The SwayLOC install instructions also provide information about checking for proper clearance (some bumpers require some relief in order for the sway bar arms to rotate). When we installed a friend’s Anti-rock, we had to do some grinding on his bumper brackets before the bushings and arms would clear. Read through the install instructions and make sure you have adequate clearance. Now is the time to fix it before you go any further.
I cheated a tiny bit (about an 1/8″ worth) and put a flat spot on the edge of the bushing that fits into the cross-member tube. I knew this going into the project as I did the same with the bushings I had used for the AR.
Once you have verified that your cross-member is clear and your bumper allows for proper clearance, it is time to seat the bushings into the cross-member. I used a rubber mallet to pop the bushings into place. They went in fairly easy.
With a little silicone lube sprayed onto the torsion tube, the rubber mallet was again used to help position the tube in the bushing. A block of wood (and a metal hammer) could also be used if necessary.
Since the torsion tube was going in quite easily, I inserted the other bushing into the driver’s side end of the cross-member tube. Mike centered up the torsion tube just as it was meeting the bushing (slipped a screwdriver into the tube to help position it without pinching any fingers) and I tapped the passenger end a couple more times. The install directions that if you have both bushings seated flush in the cross-member, you should have 3/4″ of torsion tube splines showing at both ends when the tube is properly positioned. Yes we did!
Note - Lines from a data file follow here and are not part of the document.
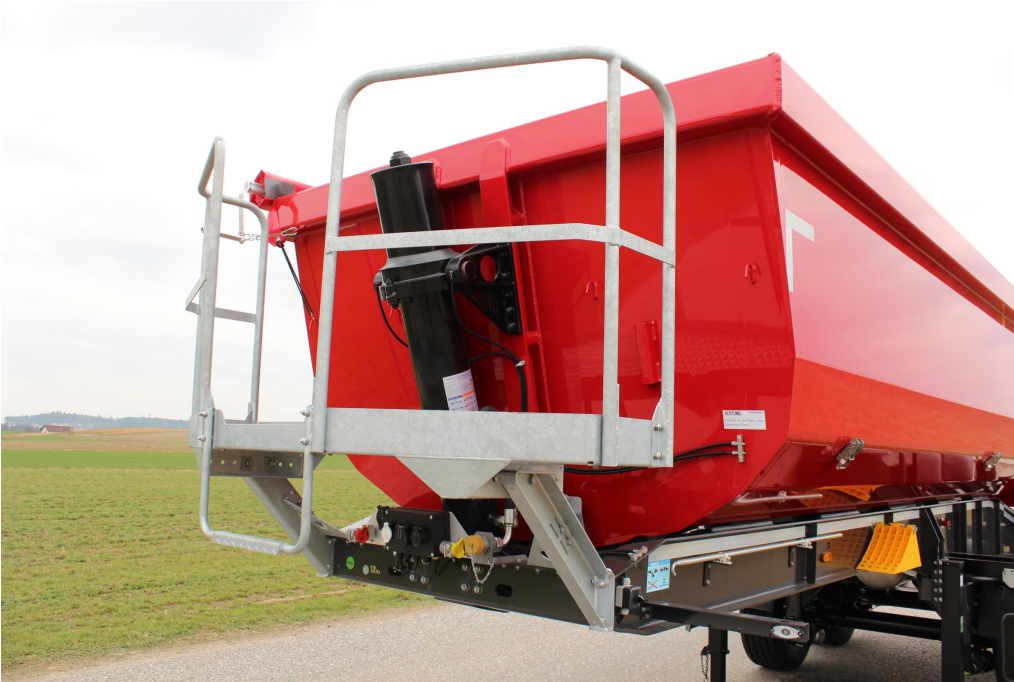
Stehpodest an der Vorderwand zur Bedienung der Rollplane
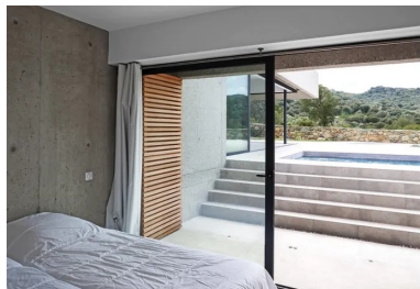
Vue depuis une chambre.

La maison est construite en béton coulé en place avec des voiles de refend et des murs de façade porteurs. Les voiles intérieurs ont un parement brut de décoffrage , animé par l'empreinte des panneaux en épica mis en œuvre dans les bandes de coffrage métalliques. Toutes les parois en béton en contact avec l'extérieur sont sablées. Elles laissent apparaître un gravier blanc, sec et aux arêtes franches qui fait écho aux collines de calcaire. Ainsi, l'expression minérale de cette architecture entre en résonance avec le site et l'esprit du lieu.
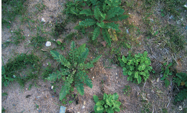
Blattformen im Rosettenstadium

Der Stängel ist an der Basis rötlich, ansonsten grün, kantig gerillt und teilweise spinnwebartig behaart. Die Stängellänge liegt zwischen 20 und 130 cm.

OffRoadOnly SwayLOC Install
With the torsion tube properly in position, we slipped the short passenger arm onto the torsion tube splines. The arm fit directly up against the bushing and was nearly flush with the end of the splines. We put a 3/8″ bolt in and just barely snugged it down.
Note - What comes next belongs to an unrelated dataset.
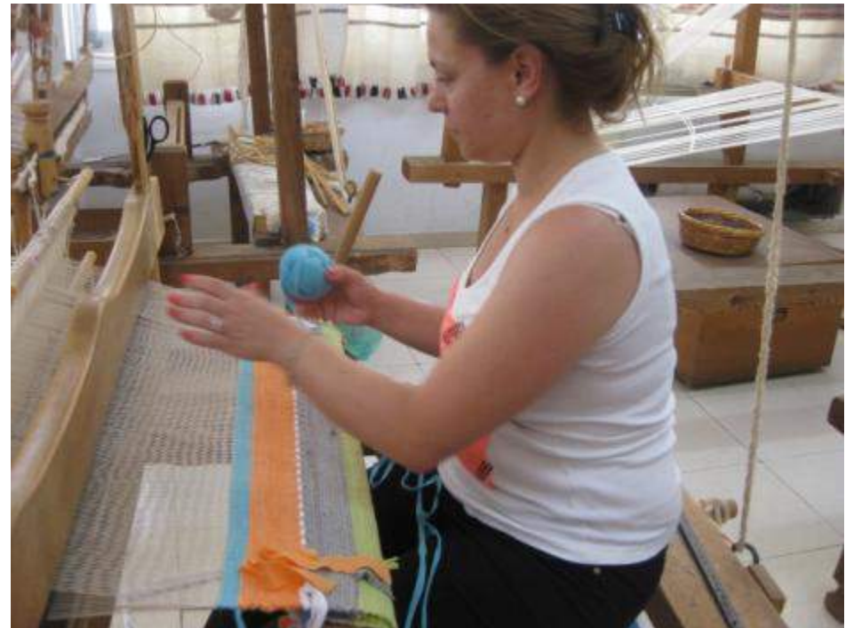
Ύφανση στους αργαλειούς της Υπηρεσίας Κυπριακής Χειροτεχνίας

Next was the driver’s side arm. It has two different sized spline hubs that are welded together. Make sure the torsion tube does not push over towards the passenger side while sliding the arm onto the tube. Mike held the passenger side arm in position while I made sure I had the arm lined up and horizontal to the ground (like the passenger arm). I slid the larger hub opening onto the torsion tube and up flush against the bushing. Make sure you check to see that the splines fully engage the hub on the arm. If they do not, you probably don’t have the bushings completely seated against the cross-member or the torsion tube slid a bit while you were putting on the arm.
Next we slipped the torsion bar (the solid shaft with splines on each end) into the torsion tube from the passenger side. As Mike pushed the bar through, I lined up the splines for the smaller hub on the driver’s arm. I inserted a 3/8″ bolt into the cross-hole of the outer hub (the larger one) and snugged it down just a bit.
With the torsion shaft now in position, we needed to anchor it in place (for a bit). ORO supplies a flathead cap screw along with a matching aluminum washer for just this purpose. The center of the torsion shaft is tapped to fit this screw.
I threaded the flathead cap screw into the end of the torsion shaft. The install instructions said to not tighten it too much….just snug it up a little as it will be coming off soon.
Back at the passenger end, I slipped the aluminum bushing over the inner shaft. It has a collar that slides into the torsion tube itself and so this centers the shaft within the tube. Previous units have used a brass bushing and when I asked Steve about the change, he told me that they were having me try this one to see how it holds up. So if your unit comes with a brass bushing, now you know why.
With the bushing in place, I slipped the larger passenger arm onto the torsion bar. To make it easier, the install docs recommend you take one of the 1/2″ nuts and place it between the latch cover and the air cylinder actuator. You can see it in the above photo. This keeps the latch from engaging the notch on the shorter arm…..which make lining up the longer arm much easier. This arm should line up the same as the other two, horizontal to the ground and equal to each other. When the arm was in position, I took the other flathead cap screw and the aluminum washer and screwed it into the torsion shaft, as we had done on the driver’s side. Doing this ensures that the arm is pulled onto the torsion shaft as far as it can go.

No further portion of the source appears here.